WisdomTree Brazil Real ETF Withdrawal Removes 90% of Fund Assets

(Bloomberg) -- The WisdomTree Brazilian Real Fund, an exchange-traded fund tracking Brazil’s currency, lost more than 90 percent of its assets this week after redemptions of $473 million.

The fund, which had $513 million under management as of Jan. 24, lost the assets on Jan. 28 and 29, according to data compiled by Bloomberg and the latest fund data from New York- based WisdomTree Investments Inc., the ETF provider founded by former hedge-fund manager Michael Steinhardt. It’s the only U.S.-registered ETF that follows the real, which fell to a five- month low on Jan. 29.

Data posted on WisdomTree’s website show the fund received an inflow of more than $500 million on Oct. 10. Brazil’s currency has depreciated 9.6 percent since then, the second-most among major currencies tracked by Bloomberg.

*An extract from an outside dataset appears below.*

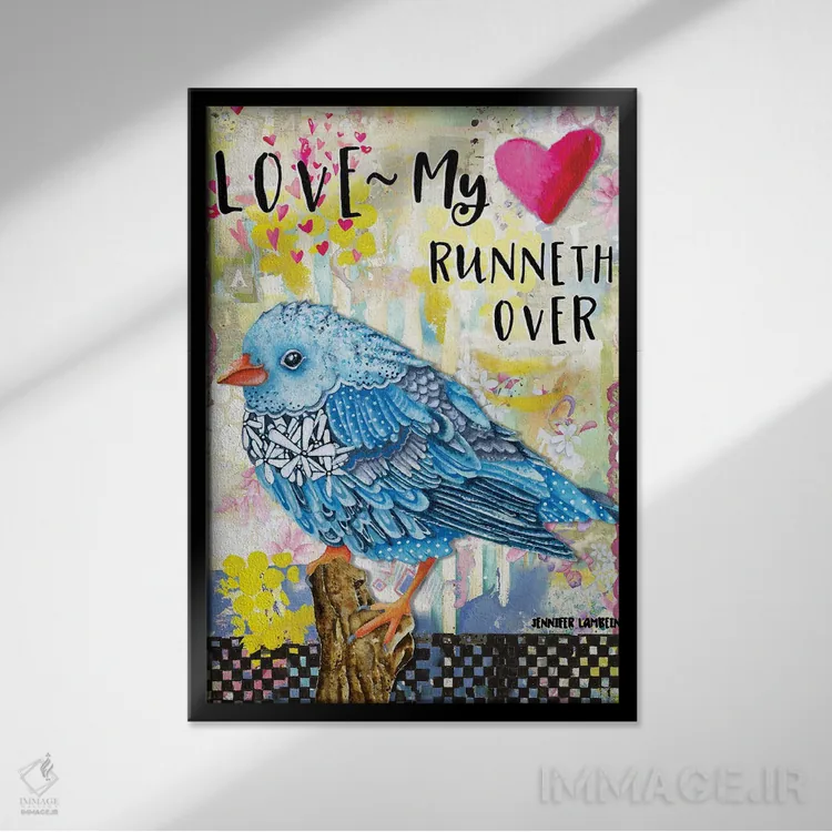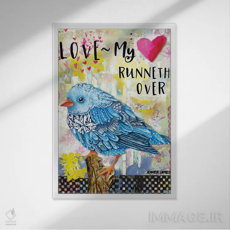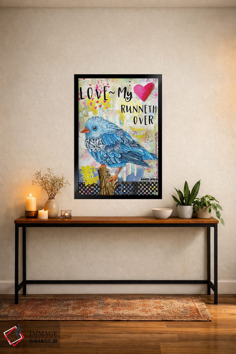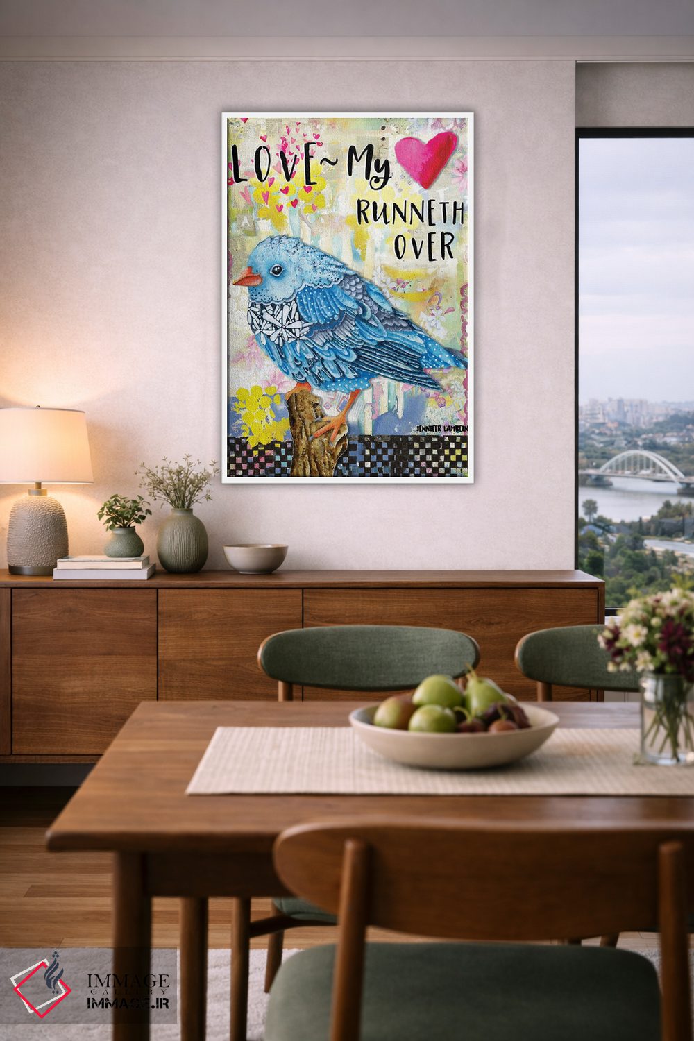 «My Cup Runneth Over، عشق، جام حیاتم لبریز است» اثرِ «جنیفر لمباین» یک قاب تایپوگرافیک است که ریتم فضا را منظم نگه میدارد؛ برای دیوارهای سفید و چیدمانهای ساده، گزینهی خوبی است.

A declining real prompted Brazil’s central bank to extend until June an intervention program that had been scheduled to wind down by the end of last year. While aiding exporters, a weaker real threatens to boost import costs and keep pressure on inflation.

“It looks like someone was maybe hedging their exposure against the real,” Dave Lutz, the head of ETFtrading and strategy at Stifel Nicolaus & Co. in Baltimore, said by phone, referring to a trading strategy that involves opposing bets.

Intervention Program

Between Oct. 10 and Jan. 29, the fund lost 8.7 percent. WisdomTree manages $34.9 billion in 61 U.S.-registered ETFs, data compiled by Bloomberg show.

Brazil’s central bank in August announced a $60 billion intervention program of swaps and credit lines to buoy the currency and in December said it would extend the program. The country is trying to control inflation in the context of a weaker real, central bank President Alexandre Tombini said at a presentation in London on Jan. 27.

ETFs are pooled investment vehicles that issue shares to investors that trade on an exchange like a common stock. They invest chiefly in stocks, bonds, commodities and currencies and typically track an index.